Williamson contributed “Abilene,” a lilting country waltz suspended between a disappointing past and a windshield-forward future. Its line “Texas in my rearview/Plains in my heart” loans the duo project its name while evoking soft, flat landscapes as a metaphor for the place on which a self must be built. That’s followed, at the heart of the album, with Crutchfield’s “Hurricane,” in which her voice recasts its idiosyncrasies from the cool remove of indie rock to a warbling poignancy in the country context. The lyrics about a woman’s complexities make for a dreamy, thought-provoking chorus. Throughout, the union of these voices is more rapturous and book-matched than one might guess from their individual bodies of work. The story of mutual musical discovery, friendship and collaboration recalls the Highwomen and the 2021 duo of Jade Jackson and Aubrie Sellers, but while that connection pointed them toward full-tilt rock and roll, Plains feels like a big, relaxed exhale, a soft place to land.
The album doesn’t lag in the second half either. They pull in one cover, a stripped bare cowboy waltz by Texas artist Hoyt Van Tanner. “Last 2 On Earth” features a rolling piano and Crutchfield lyrics that find the singer in a happier relationship, possibly because here there’s a co-writer, her partner Kevin Morby. “Easy” might be the prettiest song in the collection.

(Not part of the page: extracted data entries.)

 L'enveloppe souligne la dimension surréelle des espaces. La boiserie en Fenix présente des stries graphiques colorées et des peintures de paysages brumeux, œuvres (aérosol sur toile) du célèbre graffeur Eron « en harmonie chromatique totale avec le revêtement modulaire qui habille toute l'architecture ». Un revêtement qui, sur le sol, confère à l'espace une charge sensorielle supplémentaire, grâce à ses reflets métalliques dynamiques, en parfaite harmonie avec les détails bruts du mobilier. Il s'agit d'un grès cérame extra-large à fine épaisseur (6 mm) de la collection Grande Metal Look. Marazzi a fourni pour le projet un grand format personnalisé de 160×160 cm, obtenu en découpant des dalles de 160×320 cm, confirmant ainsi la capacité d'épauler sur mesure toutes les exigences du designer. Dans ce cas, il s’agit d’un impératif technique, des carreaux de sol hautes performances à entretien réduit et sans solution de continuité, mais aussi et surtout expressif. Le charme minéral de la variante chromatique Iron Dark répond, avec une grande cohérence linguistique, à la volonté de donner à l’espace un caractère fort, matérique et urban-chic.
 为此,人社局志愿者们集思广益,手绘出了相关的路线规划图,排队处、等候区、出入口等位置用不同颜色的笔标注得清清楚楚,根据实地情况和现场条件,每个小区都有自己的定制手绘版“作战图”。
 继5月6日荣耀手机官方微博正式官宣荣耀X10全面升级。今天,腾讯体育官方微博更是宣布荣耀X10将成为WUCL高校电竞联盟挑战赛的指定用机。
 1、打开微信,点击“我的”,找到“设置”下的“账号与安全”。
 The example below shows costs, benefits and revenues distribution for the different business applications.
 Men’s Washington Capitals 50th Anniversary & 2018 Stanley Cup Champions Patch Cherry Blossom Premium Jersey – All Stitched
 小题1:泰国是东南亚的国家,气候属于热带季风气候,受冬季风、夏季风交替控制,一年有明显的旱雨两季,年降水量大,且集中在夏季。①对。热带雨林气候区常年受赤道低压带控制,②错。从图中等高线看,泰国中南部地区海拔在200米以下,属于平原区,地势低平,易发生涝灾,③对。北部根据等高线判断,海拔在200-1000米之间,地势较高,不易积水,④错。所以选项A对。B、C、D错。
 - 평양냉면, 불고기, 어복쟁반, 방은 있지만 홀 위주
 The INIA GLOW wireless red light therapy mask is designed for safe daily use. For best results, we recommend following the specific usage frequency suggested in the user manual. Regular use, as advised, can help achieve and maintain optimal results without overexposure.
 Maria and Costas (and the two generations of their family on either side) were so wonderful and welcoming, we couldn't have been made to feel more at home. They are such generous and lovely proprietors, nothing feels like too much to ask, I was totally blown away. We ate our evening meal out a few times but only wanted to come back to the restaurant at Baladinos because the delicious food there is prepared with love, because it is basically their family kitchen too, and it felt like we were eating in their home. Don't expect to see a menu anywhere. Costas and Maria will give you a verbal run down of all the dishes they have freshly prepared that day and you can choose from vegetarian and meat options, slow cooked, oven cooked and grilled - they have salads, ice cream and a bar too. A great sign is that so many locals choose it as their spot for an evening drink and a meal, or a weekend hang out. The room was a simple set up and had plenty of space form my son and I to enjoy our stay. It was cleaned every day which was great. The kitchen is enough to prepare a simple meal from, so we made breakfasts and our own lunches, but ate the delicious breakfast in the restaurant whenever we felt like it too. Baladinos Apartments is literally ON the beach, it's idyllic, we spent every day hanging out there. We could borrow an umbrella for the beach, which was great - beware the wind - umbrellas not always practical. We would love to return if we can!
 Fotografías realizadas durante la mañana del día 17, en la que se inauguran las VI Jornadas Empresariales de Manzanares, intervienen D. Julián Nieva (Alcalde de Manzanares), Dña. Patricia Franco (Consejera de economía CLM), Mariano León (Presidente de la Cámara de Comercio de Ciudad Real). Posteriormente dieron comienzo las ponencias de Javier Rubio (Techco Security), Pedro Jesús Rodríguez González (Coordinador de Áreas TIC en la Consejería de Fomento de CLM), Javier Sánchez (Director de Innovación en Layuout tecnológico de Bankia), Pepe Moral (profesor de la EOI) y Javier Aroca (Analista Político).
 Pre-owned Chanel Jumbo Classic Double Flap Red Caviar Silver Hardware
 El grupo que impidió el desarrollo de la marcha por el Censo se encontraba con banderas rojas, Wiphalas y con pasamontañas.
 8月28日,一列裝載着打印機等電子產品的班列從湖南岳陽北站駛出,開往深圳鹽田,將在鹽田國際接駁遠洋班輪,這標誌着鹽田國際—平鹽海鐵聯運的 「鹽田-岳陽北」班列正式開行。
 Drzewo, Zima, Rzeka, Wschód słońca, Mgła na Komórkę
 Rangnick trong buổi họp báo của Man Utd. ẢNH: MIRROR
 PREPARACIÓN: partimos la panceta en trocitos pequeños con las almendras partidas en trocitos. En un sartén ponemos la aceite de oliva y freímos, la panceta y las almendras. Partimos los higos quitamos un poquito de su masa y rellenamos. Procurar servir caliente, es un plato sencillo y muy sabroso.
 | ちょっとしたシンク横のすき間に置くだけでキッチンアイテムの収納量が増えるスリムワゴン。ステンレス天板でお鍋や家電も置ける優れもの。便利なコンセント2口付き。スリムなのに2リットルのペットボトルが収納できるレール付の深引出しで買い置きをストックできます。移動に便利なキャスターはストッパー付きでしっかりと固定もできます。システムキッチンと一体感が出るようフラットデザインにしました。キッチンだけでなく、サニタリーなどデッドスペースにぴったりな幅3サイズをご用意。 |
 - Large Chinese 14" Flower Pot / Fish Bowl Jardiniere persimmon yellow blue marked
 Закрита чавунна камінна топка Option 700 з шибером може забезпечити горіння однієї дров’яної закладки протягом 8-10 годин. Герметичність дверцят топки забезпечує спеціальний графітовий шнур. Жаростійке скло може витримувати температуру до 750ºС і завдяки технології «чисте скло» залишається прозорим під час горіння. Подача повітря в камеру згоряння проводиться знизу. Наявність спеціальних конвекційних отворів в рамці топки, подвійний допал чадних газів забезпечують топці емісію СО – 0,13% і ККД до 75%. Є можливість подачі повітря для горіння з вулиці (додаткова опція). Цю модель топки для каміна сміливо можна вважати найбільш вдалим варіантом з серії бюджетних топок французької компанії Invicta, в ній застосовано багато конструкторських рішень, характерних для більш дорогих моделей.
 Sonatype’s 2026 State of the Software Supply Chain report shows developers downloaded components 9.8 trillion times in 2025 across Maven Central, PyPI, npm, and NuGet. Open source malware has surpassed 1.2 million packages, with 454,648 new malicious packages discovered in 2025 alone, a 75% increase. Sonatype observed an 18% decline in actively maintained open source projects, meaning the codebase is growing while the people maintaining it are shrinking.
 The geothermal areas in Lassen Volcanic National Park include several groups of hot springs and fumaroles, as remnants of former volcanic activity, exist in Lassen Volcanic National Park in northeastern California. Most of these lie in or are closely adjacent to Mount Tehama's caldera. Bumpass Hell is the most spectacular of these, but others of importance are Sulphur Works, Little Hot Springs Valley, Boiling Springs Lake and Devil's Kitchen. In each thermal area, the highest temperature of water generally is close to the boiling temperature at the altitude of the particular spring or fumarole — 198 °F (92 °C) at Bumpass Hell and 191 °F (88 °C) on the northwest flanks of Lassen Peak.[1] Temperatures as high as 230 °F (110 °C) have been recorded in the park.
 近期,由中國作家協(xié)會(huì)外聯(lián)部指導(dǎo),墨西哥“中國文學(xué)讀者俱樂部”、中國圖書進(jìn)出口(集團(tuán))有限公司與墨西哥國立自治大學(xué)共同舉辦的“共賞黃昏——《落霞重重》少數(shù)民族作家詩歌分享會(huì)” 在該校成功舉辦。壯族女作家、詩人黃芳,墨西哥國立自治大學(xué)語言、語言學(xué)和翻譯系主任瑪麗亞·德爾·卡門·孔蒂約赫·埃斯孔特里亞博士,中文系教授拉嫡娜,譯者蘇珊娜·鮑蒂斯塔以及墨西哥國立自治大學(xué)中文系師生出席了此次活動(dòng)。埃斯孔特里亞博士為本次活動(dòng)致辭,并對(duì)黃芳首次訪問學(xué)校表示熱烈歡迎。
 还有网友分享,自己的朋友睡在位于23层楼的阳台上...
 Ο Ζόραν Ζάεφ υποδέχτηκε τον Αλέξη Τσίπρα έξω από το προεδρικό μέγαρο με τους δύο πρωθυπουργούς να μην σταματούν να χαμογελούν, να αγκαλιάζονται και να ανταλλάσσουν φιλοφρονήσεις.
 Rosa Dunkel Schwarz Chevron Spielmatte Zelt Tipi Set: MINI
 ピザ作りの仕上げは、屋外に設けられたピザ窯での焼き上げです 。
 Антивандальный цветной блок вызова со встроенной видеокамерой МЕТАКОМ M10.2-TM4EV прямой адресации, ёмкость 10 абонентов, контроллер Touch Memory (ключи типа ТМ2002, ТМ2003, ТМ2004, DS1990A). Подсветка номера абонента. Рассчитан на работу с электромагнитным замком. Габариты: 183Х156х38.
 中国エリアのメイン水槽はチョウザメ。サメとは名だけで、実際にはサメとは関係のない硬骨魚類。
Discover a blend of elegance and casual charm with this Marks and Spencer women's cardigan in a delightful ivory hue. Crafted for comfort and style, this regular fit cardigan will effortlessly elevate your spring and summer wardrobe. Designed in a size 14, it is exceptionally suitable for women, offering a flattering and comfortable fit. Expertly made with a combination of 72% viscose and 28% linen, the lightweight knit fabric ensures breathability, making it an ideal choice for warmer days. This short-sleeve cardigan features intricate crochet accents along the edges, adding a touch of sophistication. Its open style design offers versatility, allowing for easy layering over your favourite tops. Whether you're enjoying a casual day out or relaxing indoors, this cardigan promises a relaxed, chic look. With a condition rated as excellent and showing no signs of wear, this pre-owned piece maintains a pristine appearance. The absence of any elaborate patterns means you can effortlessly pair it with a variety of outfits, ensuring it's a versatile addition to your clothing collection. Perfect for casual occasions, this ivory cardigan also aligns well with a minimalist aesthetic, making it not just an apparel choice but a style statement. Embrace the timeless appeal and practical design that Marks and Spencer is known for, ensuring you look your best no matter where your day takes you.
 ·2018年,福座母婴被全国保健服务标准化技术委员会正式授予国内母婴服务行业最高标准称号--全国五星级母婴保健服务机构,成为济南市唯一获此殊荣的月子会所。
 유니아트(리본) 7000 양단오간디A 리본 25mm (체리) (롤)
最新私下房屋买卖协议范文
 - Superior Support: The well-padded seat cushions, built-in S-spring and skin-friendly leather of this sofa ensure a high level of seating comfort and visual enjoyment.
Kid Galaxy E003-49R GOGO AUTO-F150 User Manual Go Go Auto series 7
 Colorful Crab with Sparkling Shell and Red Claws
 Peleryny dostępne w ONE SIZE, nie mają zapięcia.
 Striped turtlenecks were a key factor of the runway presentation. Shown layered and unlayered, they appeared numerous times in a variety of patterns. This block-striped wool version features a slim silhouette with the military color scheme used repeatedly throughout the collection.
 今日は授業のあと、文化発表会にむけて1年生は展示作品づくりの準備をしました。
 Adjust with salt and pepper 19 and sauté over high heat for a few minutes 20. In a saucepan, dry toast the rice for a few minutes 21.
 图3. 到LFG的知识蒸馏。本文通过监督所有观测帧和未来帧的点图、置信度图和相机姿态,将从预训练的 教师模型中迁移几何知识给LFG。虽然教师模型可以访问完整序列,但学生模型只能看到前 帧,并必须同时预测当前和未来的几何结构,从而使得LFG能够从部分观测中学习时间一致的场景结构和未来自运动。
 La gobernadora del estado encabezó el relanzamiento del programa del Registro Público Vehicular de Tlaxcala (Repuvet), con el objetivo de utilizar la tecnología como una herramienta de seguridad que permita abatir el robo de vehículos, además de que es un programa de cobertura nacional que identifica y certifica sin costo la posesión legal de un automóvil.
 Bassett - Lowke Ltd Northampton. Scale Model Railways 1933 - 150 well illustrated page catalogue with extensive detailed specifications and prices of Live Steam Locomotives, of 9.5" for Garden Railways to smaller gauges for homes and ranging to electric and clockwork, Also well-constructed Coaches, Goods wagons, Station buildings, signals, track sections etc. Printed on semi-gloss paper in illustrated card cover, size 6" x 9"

Then Jess Williamson’s lead vocal gently ushers us out with her album title track “I Walked With You A Ways.” It’s about the impermanence of many of our relationships and the importance of fully appreciating them in any event. That’s good advice for considering this magical collaboration. Jess and Katie may or may not record or tour again, so this keepsake of 2022 and the remaining shows on the calendar are all to be savored all the more.